Copy the model URL from the output for the next step.

The first deploy can take several minutes while Baseten pulls the SGLang base image (around 18 GB). Subsequent scale-ups reuse the cached image and start much faster.

## Call the model

Call the deployed model with the OpenAI client:

```python call_model.py theme={"system"}
import os
from openai import OpenAI

model_url = "https://model-XXXXXXX.api.baseten.co/environments/production/sync/v1"

client = OpenAI(
    base_url=model_url,
    api_key=os.environ.get("BASETEN_API_KEY"),
)

stream = client.chat.completions.create(
    model="Qwen/Qwen2.5-3B-Instruct",
    messages=[
        {"role": "system", "content": "You are a helpful assistant."},
        {"role": "user", "content": "What does Tongyi Qianwen mean?"}
    ],
    stream=True,
)

for chunk in stream:
    if chunk.choices[0].delta.content is not None:
        print(chunk.choices[0].delta.content, end="")
```

Replace the `model_url` with the URL from your deployment output.
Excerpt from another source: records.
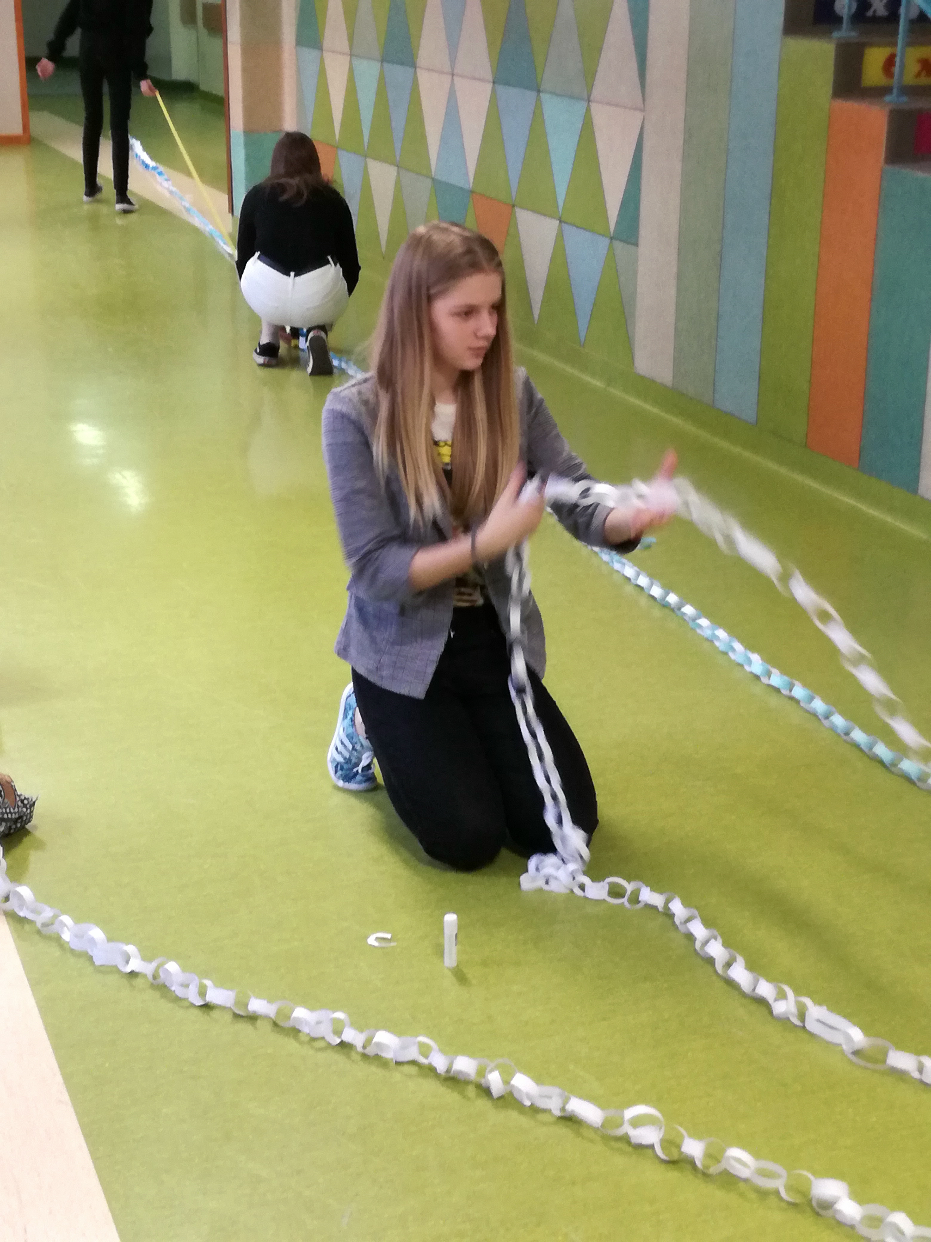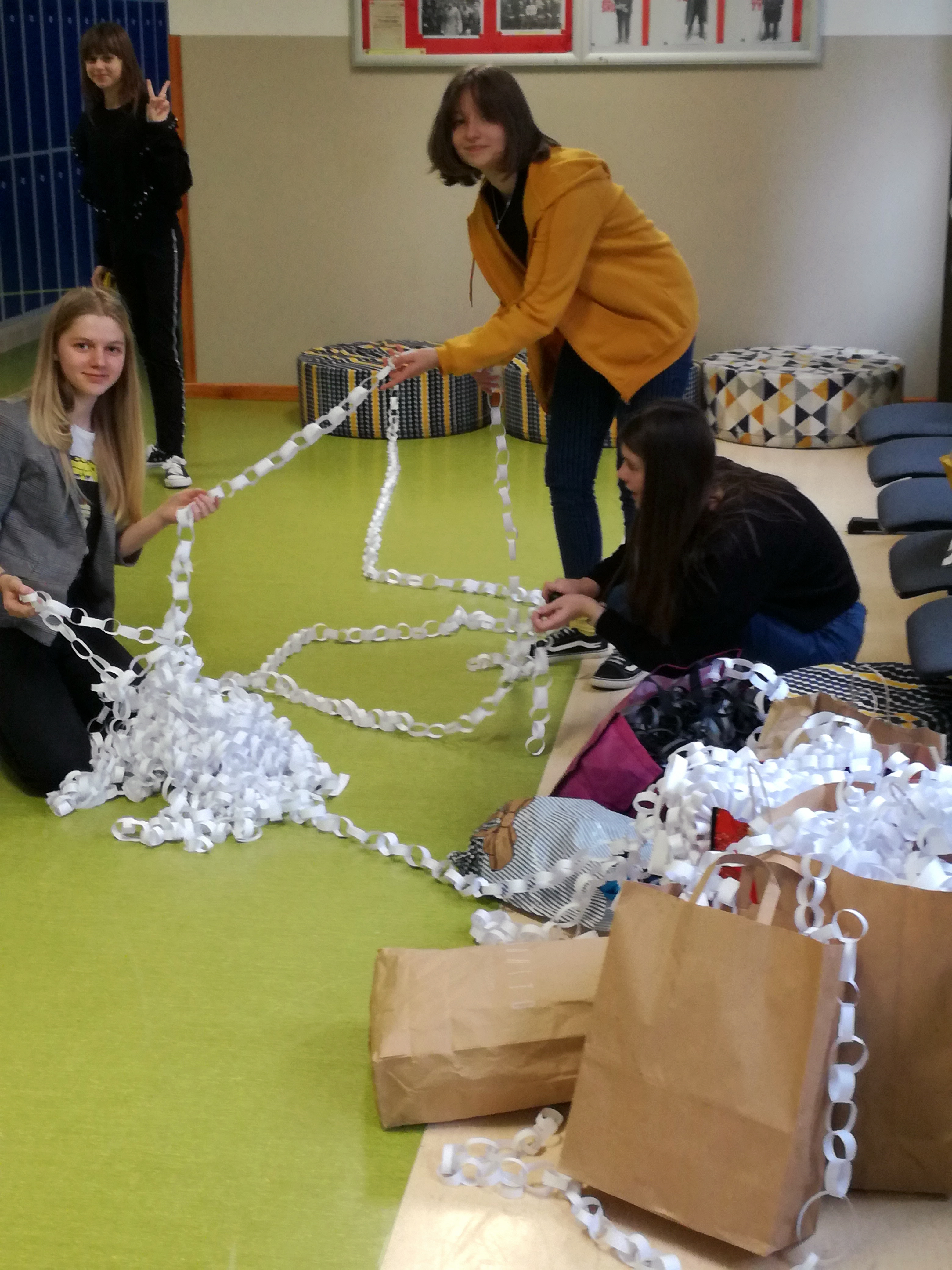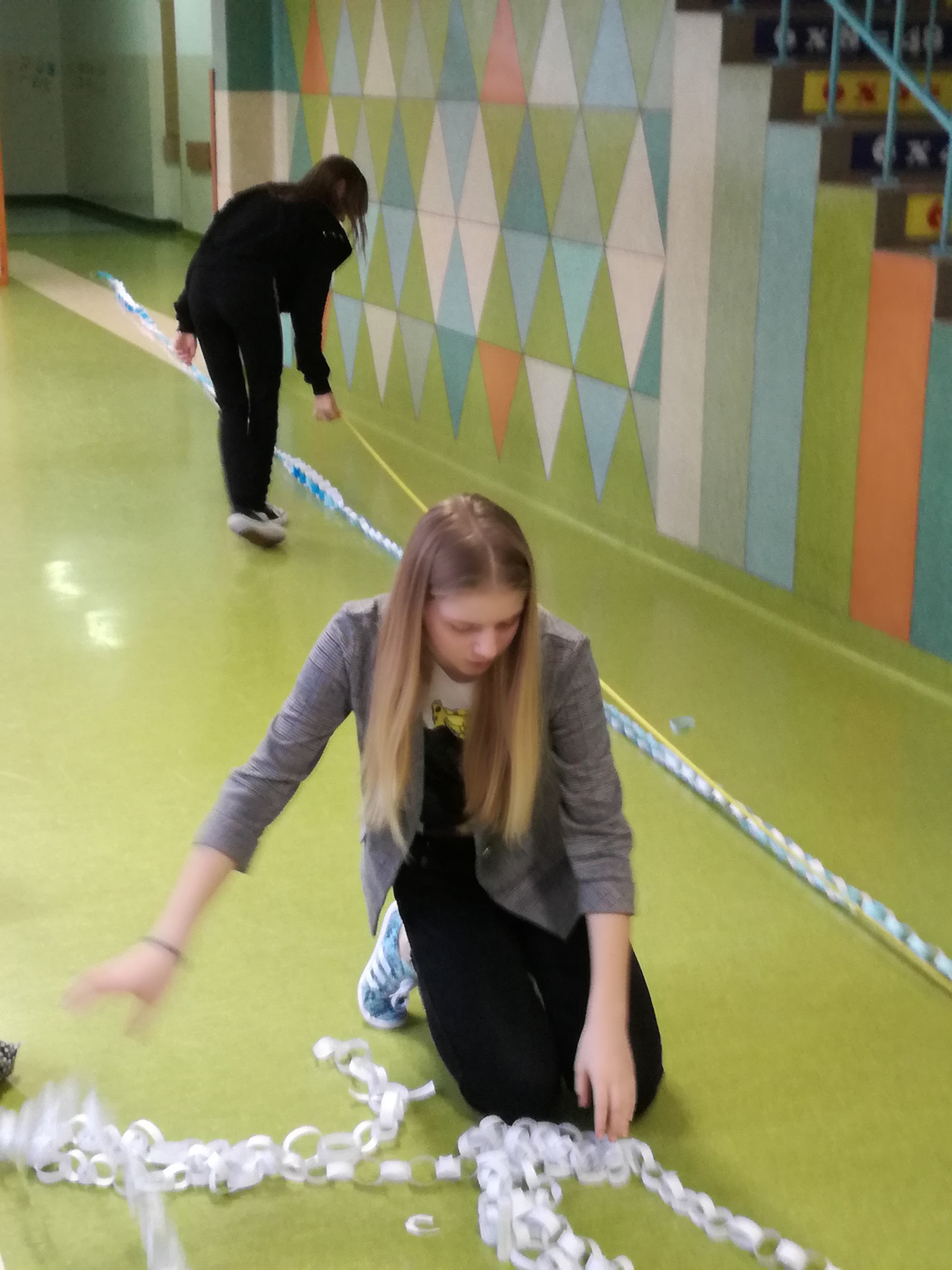 Do konkursu  przystąpiło 15 klas: 0b, 1a, 1b, 2a, 2b, 3a, 3b, 4b, 5a, 5b, 5c, 6a, 6b, 7b, 8b. W konkursie oprócz długości oceniana była estetyka, kreatywność i kolorystyka. Nie wszystkie klasy trzymały się ustalonych reguł. Na wyróżnienie pod względem kreatywności zasługują 3 klasy: 1a, 5b i 8b. Najdłuższe łańcuchy wykonali uczniowie kl. 6a i 6b.
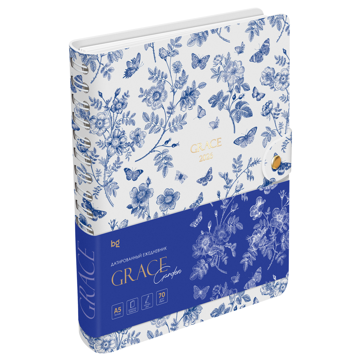 382549 Ежедневник датированный 2026г., А5, 176л., мягкий переплет, экокожа, BG "Grace. Garden", на гребне (БиДжи)
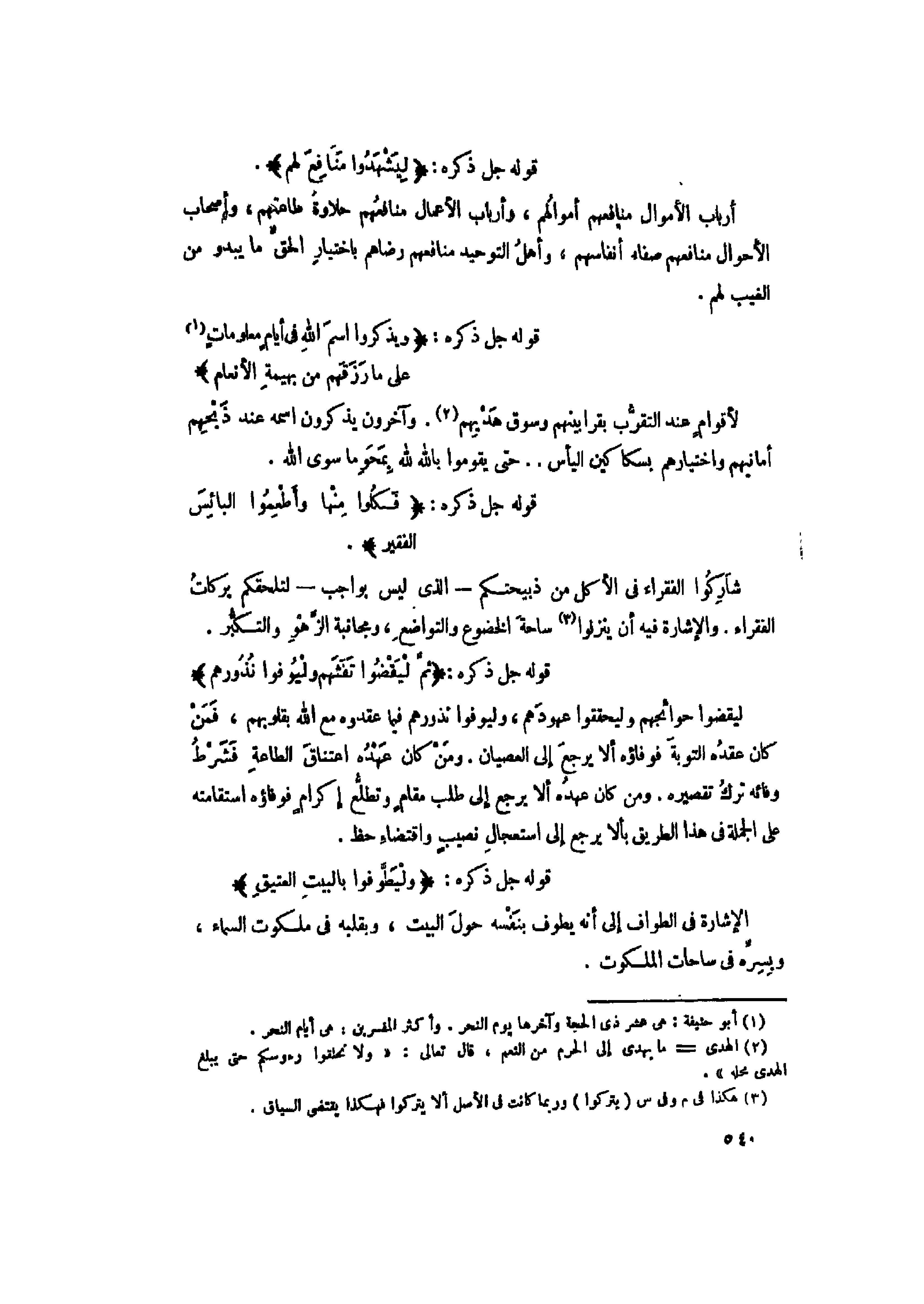 قوله جل ذكره: وَيَذْكُرُوا اسْمَ اللَّهِ فِي أَيَّامٍ مَعْلُوماتٍ «1» عَلى ما رَزَقَهُمْ مِنْ بَهِيمَةِ الْأَنْعامِ لأقوام عند التقرّب بقرابينهم وسوق هديهم «2» . وآخرون يذكرون اسمه عند ذبحهم أمانيهم واختيارهم بسكاكين اليأس.. حتى يقوموا بالله لله بمحو ما سوى الله.
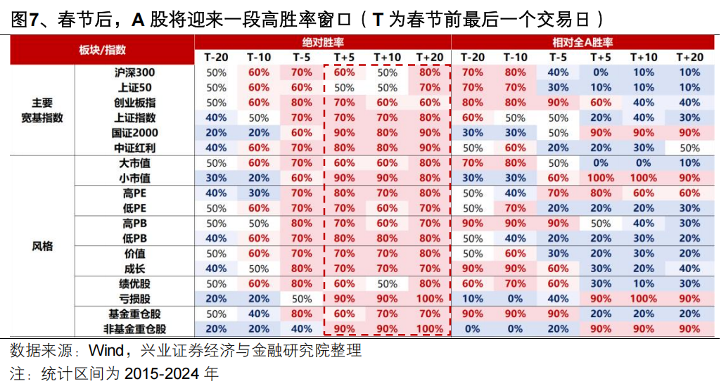 首先,节后A股将迎来一段高胜率窗口。春节后,随着风险偏好提升、增量资金释放,叠加对两会政策的期待下,主要指数胜率迎来明显提升,A股本身就将迎来全年胜率较高的一段窗口。

## Monitor your deployment

Once the model is serving traffic, open the Metrics tab in the model dashboard to watch how it performs. Baseten detects the SGLang engine and surfaces engine-native graphs such as generation throughput, time per output token, cache hit rate, and queue depth alongside the standard metrics. See [vLLM and SGLang metrics](/observability/metrics#vllm-and-sglang-metrics).